- Records for the task:

________________________

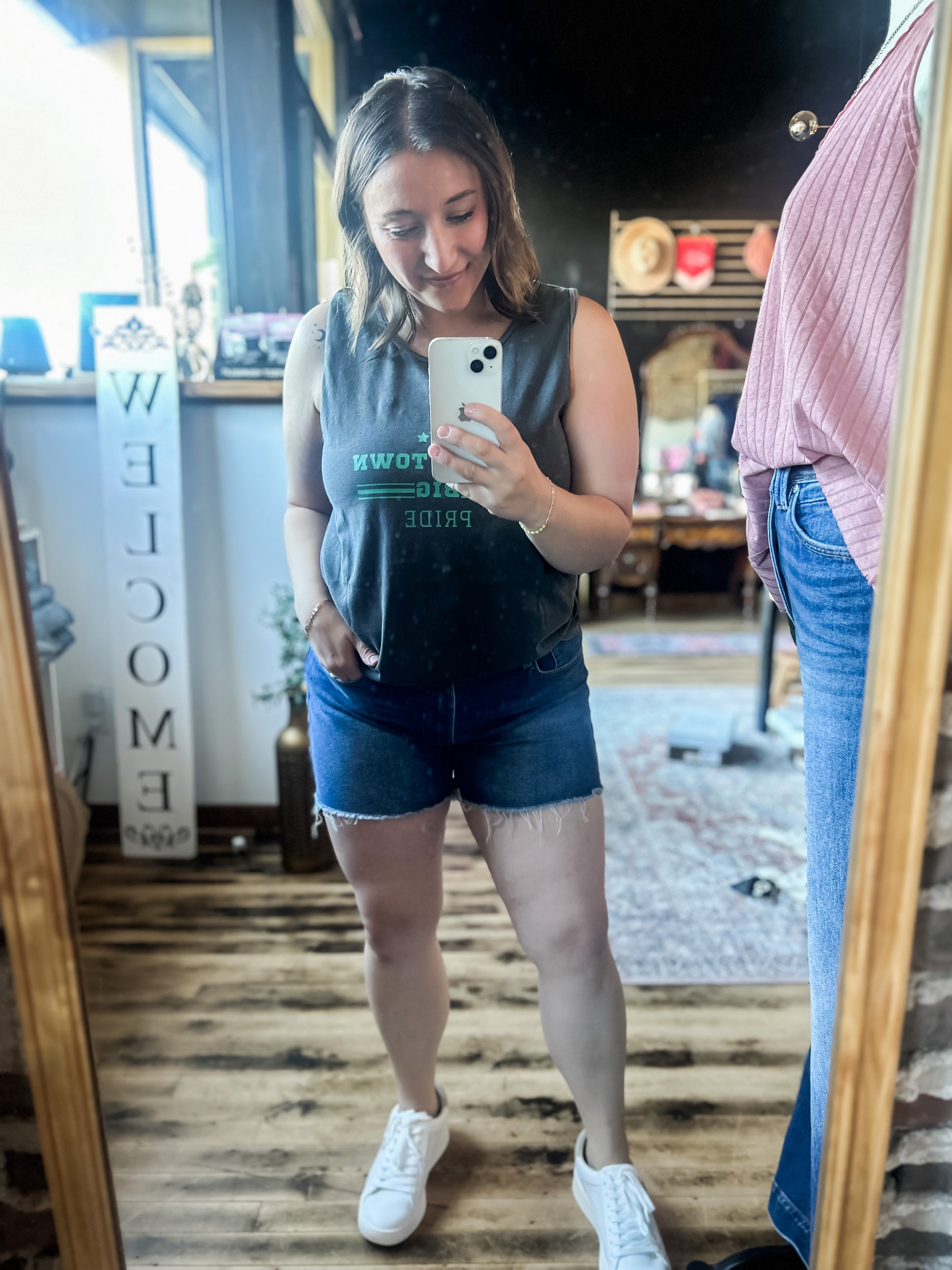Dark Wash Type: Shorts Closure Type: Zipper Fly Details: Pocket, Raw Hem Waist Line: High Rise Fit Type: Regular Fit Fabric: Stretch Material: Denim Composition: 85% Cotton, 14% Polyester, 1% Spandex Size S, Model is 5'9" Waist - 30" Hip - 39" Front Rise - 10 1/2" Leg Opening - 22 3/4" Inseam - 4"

________________________

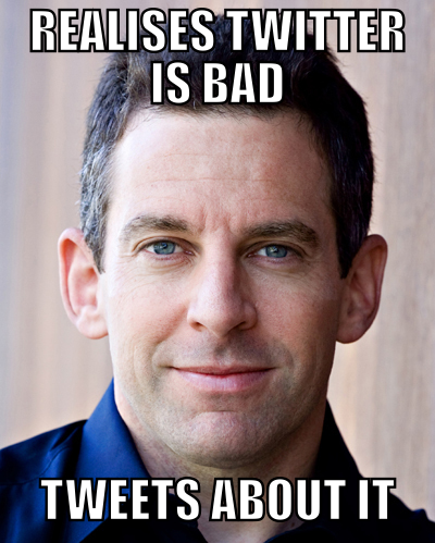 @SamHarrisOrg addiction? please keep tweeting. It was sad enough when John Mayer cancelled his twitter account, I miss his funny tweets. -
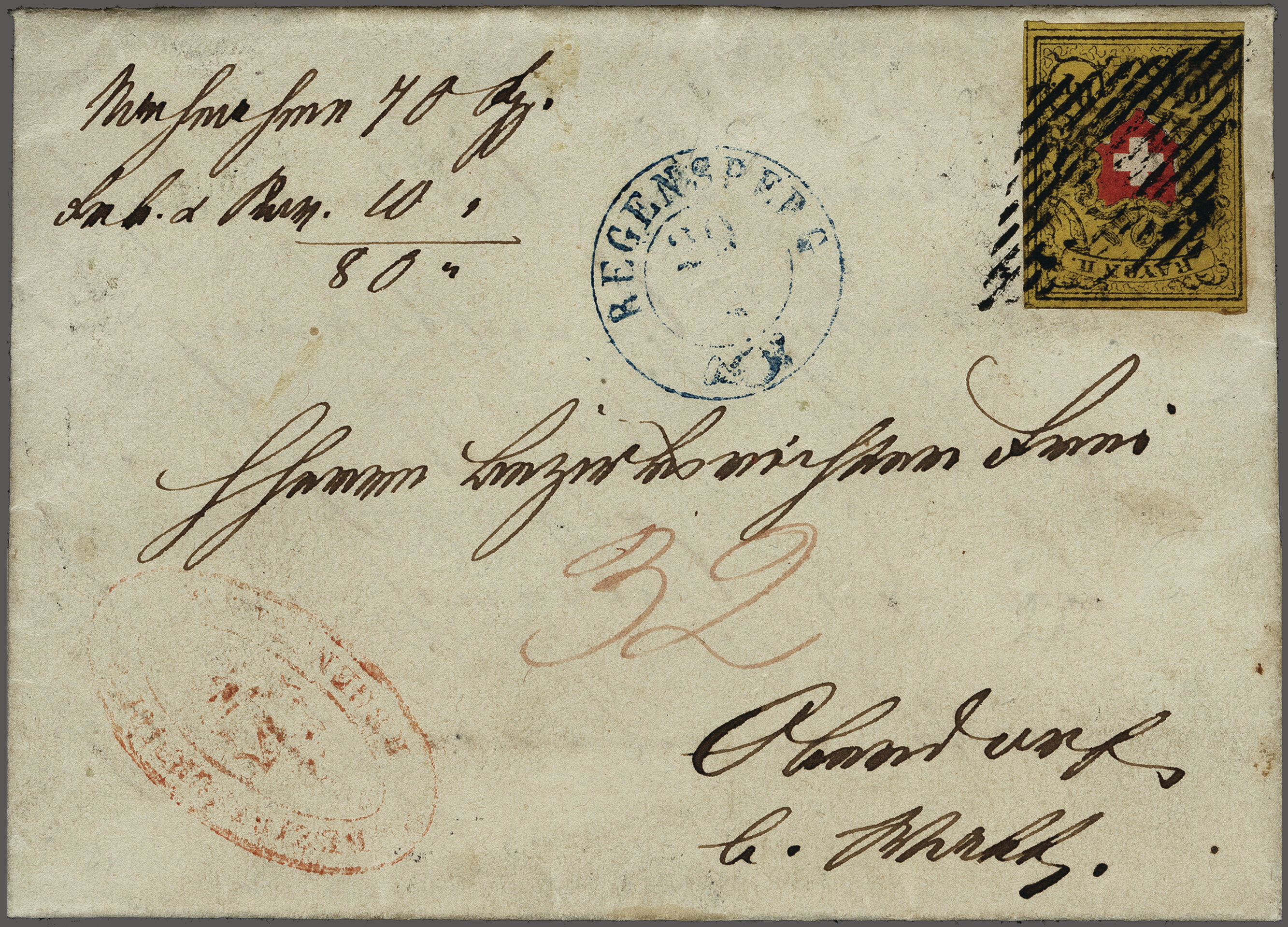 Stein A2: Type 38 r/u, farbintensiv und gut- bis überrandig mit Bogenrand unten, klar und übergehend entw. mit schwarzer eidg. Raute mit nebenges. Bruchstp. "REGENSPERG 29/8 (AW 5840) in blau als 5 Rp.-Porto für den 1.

________________________

- Work task: For this exercise, reproduce exactly the lines of the records above from the one with "addiction? please keep" up to and including the one with "Stein A2: Type", without pictures.

- Response to this task:
 @SamHarrisOrg addiction? please keep tweeting. It was sad enough when John Mayer cancelled his twitter account, I miss his funny tweets. -
 Stein A2: Type 38 r/u, farbintensiv und gut- bis überrandig mit Bogenrand unten, klar und übergehend entw. mit schwarzer eidg. Raute mit nebenges. Bruchstp. "REGENSPERG 29/8 (AW 5840) in blau als 5 Rp.-Porto für den 1.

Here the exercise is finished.